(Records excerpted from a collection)
[Start of section]
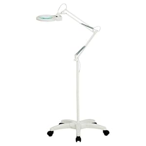 Get up near your work with this magnifying lamp with rolling floor stand. The lens incorporates a magnification of 3x. White end. Includes one twenty two watt circular daylight bulb. 34" wide. 61" high.
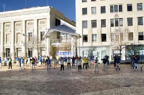 继集会游行之后,学员们分两路,一部份去中使馆前发正念,一部份去市中心古巴街做反酷刑展。
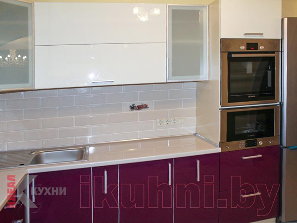 Кухонный гарнитур обладает большими габаритами, что подразумевает высокую функциональность и вместительность. Сочетание бордового и белого глянца выглядит ярко и эффектно. Часть фасадов выполнена из матового стекла лакомат.
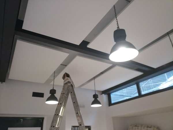 Hay multitud de solucionses para resolver el problema de un tiempo de reverberacion elevado. Se trata de introducir acabados absorbentes a los paramentos existentes por tanto va a tener que integrarse con la decoracion. Acústicamente se escogeran materiales con coeficientes de absorcion elevados y superficies calculadas para conseguir la bajada de la reverberacion deseada. En Innovacustica hacemos ensayos de la reverberacion (en muchas ocasiones) y ejecutamos la obra. La opcion de islas absorbentes es bastante buena porque multiplicamos por 2 la eficacia del materal absorbente ya q trabaja tambien la parte superior de la isla (para ello hay que tener altura)
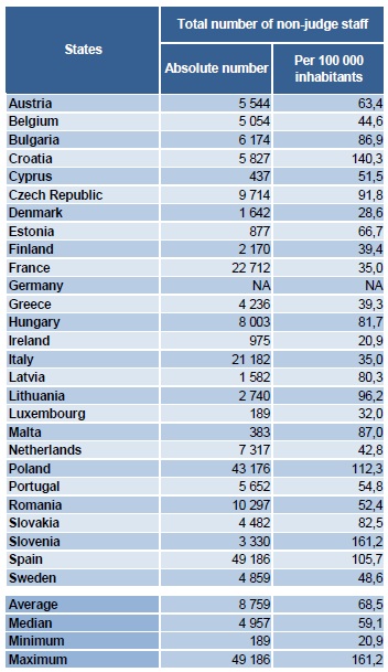 Tudi po številu zaposlenega sodnega osebja brez sodnikov, je Slovenija ponosna zmagovalka, saj imamo na 100 tisoč prebivalcev kar 161 zaposlenih na Slovenskih sodiščih. Za primerjavo, Hrvaška (140), Poljska (112), Danska (28), Irska (20).
[End of section]
> What you are asked to do
With pictures omitted, repeat the entries above word for word from the line holding "继集会游行之后,学员们分两路" down to the line holding "Кухонный гарнитур обладает", keeping both of those lines.

> Solved problem
 继集会游行之后,学员们分两路,一部份去中使馆前发正念,一部份去市中心古巴街做反酷刑展。
 Кухонный гарнитур обладает большими габаритами, что подразумевает высокую функциональность и вместительность. Сочетание бордового и белого глянца выглядит ярко и эффектно. Часть фасадов выполнена из матового стекла лакомат.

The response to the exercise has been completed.